_Work task_
Only the last stretch of the records is wanted: restate word for word the line with "2月6日(金)授業の様子(1年3組 美術) 公開日" and every line after it.

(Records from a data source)
+-------+
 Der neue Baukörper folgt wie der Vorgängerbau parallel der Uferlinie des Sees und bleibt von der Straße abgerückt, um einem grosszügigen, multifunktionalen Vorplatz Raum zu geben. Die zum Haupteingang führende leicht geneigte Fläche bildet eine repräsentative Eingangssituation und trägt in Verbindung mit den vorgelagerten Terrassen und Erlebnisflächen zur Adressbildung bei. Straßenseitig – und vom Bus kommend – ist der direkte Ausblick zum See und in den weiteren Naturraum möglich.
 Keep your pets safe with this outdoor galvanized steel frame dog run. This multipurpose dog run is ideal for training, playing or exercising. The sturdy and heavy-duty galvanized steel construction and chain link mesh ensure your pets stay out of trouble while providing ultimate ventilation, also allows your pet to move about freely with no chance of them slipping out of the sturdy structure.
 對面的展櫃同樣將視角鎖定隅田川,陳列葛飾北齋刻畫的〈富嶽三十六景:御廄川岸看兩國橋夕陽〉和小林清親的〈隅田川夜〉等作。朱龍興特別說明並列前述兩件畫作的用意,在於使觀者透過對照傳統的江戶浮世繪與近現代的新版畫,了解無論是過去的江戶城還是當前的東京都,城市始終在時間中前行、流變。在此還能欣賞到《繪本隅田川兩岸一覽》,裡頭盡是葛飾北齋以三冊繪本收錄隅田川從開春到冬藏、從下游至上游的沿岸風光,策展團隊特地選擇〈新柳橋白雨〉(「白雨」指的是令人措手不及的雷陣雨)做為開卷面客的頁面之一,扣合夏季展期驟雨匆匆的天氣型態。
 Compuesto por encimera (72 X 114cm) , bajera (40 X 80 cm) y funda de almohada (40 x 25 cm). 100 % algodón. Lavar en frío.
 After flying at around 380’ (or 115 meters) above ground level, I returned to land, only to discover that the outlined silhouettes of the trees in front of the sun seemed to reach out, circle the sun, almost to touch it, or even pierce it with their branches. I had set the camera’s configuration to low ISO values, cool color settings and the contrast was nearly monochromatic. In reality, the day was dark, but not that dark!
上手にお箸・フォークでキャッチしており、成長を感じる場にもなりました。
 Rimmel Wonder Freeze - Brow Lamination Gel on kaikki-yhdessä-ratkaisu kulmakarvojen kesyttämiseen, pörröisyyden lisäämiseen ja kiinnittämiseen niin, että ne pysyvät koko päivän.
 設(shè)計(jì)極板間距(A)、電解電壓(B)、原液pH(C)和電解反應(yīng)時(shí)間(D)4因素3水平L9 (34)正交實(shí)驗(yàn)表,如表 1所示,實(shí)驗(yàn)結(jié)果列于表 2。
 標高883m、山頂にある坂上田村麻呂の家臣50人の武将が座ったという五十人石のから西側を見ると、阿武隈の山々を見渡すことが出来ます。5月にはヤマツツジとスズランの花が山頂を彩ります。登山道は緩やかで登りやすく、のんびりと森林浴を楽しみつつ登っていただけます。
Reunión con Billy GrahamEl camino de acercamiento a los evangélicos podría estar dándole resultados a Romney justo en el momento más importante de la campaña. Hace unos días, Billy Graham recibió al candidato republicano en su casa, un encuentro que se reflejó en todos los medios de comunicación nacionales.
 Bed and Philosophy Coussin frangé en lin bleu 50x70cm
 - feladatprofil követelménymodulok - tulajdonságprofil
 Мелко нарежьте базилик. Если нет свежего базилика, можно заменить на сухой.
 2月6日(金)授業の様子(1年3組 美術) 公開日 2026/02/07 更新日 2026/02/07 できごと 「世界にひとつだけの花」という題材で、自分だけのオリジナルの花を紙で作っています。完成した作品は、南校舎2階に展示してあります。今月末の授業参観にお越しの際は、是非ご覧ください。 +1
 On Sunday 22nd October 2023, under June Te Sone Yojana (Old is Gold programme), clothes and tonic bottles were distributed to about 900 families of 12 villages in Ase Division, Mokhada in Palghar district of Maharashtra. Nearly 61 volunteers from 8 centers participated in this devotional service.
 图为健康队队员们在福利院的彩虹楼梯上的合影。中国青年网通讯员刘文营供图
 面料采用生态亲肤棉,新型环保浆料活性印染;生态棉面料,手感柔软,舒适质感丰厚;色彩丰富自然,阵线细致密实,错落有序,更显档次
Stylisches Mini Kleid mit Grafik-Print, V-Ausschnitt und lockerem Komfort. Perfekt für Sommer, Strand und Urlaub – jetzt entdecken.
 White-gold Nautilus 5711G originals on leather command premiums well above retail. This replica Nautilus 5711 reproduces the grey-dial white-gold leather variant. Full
+-------+
_Exercise solution_
 2月6日(金)授業の様子(1年3組 美術) 公開日 2026/02/07 更新日 2026/02/07 できごと 「世界にひとつだけの花」という題材で、自分だけのオリジナルの花を紙で作っています。完成した作品は、南校舎2階に展示してあります。今月末の授業参観にお越しの際は、是非ご覧ください。 +1
 On Sunday 22nd October 2023, under June Te Sone Yojana (Old is Gold programme), clothes and tonic bottles were distributed to about 900 families of 12 villages in Ase Division, Mokhada in Palghar district of Maharashtra. Nearly 61 volunteers from 8 centers participated in this devotional service.
 图为健康队队员们在福利院的彩虹楼梯上的合影。中国青年网通讯员刘文营供图
 面料采用生态亲肤棉,新型环保浆料活性印染;生态棉面料,手感柔软,舒适质感丰厚;色彩丰富自然,阵线细致密实,错落有序,更显档次
Stylisches Mini Kleid mit Grafik-Print, V-Ausschnitt und lockerem Komfort. Perfekt für Sommer, Strand und Urlaub – jetzt entdecken.
 White-gold Nautilus 5711G originals on leather command premiums well above retail. This replica Nautilus 5711 reproduces the grey-dial white-gold leather variant. Full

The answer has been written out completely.